Can you see how this shot isn't fair? I seem to be holding all the aces, but two of them are diamonds! Madness. Even if I could play the hand I have one chip, my last chip. Not going to win much with that.

I have managed to fuck everything up royally with Debs. When she needed 'space' I needed 'space filling'. Whilst she wasn't looking for a relationship (on a relationship website) I was. I'm sure its a common misunderstanding. It's kind of like going into a shop to buy bread, but not really wanting to buy bread and then the baker getting REALLY fucked off because you've WASTED HIS TIME AND ENERGY.

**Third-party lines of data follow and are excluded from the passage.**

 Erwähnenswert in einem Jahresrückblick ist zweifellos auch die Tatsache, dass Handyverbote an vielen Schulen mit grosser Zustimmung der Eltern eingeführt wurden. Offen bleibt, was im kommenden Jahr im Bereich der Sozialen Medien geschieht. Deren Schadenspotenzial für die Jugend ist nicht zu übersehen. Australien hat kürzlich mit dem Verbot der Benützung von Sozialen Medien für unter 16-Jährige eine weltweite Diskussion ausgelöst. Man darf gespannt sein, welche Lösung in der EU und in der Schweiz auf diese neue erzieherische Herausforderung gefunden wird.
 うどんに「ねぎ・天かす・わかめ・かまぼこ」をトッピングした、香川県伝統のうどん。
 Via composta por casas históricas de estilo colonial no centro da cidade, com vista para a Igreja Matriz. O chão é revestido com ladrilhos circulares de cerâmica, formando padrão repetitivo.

I imagine that's what its like. I've had full confirmation today that she doesn't want a relationship, mainly because I wanted some sort of clarification on exactly what I did wrong, while she just wanted me to go away. Again a common misunderstanding I guess, she's managed to make me feel like some sort of emotional burglar who came in her house in the night and has had to be chased off. Although to be fair what actually happened was she invited me in, handed me all her emotional baggage and then started to chase me off. Odd scenario. I'll miss her though, the comfort of her texts and messages.

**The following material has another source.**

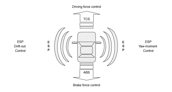 ESP adds a further function known as Active Yaw Control (AYC) to the ABS, TCS, EBD and ESP functions. Whereas the ABS/TCS function controls wheel slip during braking and acceleration and, thus, mainly intervenes in the longitudinal dynamics of the vehicle, active yaw control stabilizes the vehicle about its vertical axis.
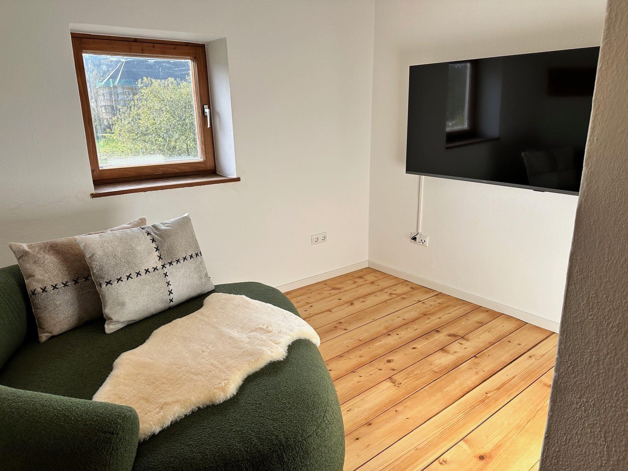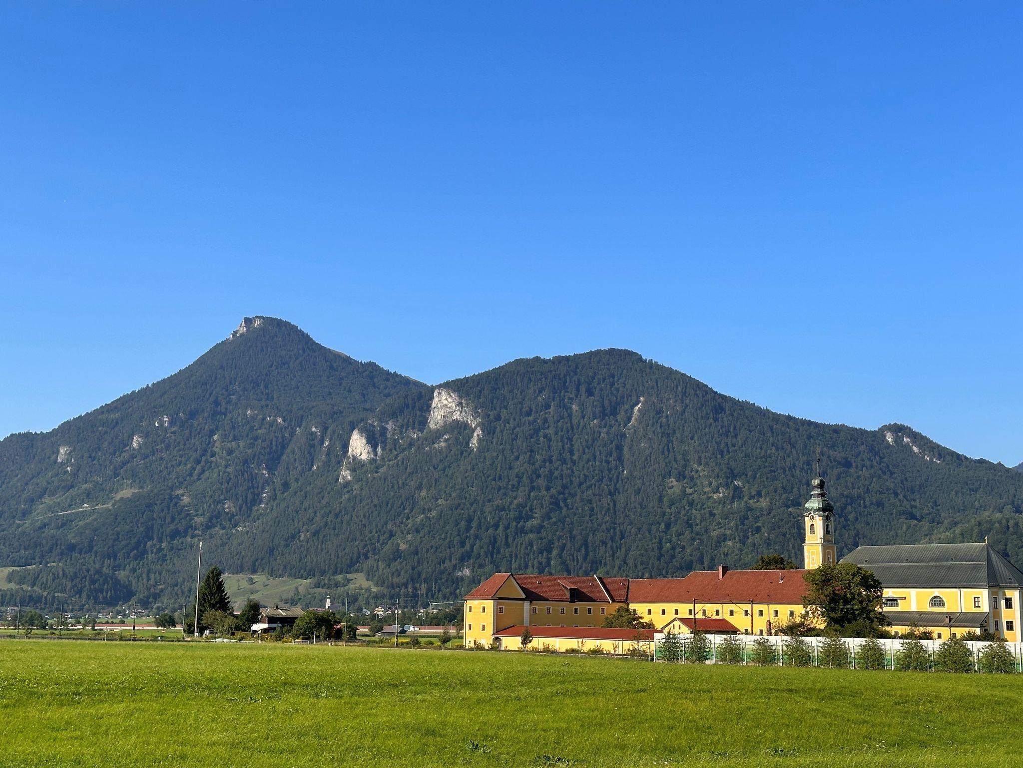 Unsere Ferienwohnung besticht durch einen unverbauten, grandiosen Ausblick auf die umliegenden Berge und das Kloster Reisach – ein Panorama, das Ihnen zu jeder Tageszeit Ruhe und Inspiration schenkt.

I won't miss having that deep fear of rejection though. Can't be rejected by nobody at all now can you. As the (great) Kris Kristofferson once sang: Freedom's just another word for nothing left to lose. I've had fuck all to lose emotionally for a loooooong time and yet somehow always seem to manage it.

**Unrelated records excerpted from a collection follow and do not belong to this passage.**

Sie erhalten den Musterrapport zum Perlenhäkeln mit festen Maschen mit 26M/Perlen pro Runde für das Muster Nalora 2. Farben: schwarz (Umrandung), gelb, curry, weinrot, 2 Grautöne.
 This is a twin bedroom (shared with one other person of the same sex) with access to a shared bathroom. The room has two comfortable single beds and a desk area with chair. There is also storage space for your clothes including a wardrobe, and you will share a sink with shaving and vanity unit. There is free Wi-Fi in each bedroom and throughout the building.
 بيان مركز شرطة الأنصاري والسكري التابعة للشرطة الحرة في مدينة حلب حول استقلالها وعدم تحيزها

Quick message for the person who commented yesterday about me being an emu or something. Don't you think if I was going to top myself I'd probably have done it during my recent nervous breakdown, and not over some drink soaked 30 year old who doesn't know if she crapping or peeing half the time? The shot was symbolic, a metaphor for the once more disappearing love interest in my life. I suppose you think todays shot should be banned because I'm actually cheating at poker?

I'm very bitter.

Goodbye sunny skies, hello black.
Where you been misery? Welcome back.

ps: I'm actually genuinely gutted and do realise I've done all the things I do that frightens women off: Lots of texts, one single red rose, bought all the drinks, understood all her past problems, opened up 100%, all that sort of stuff. I know how you women hate that.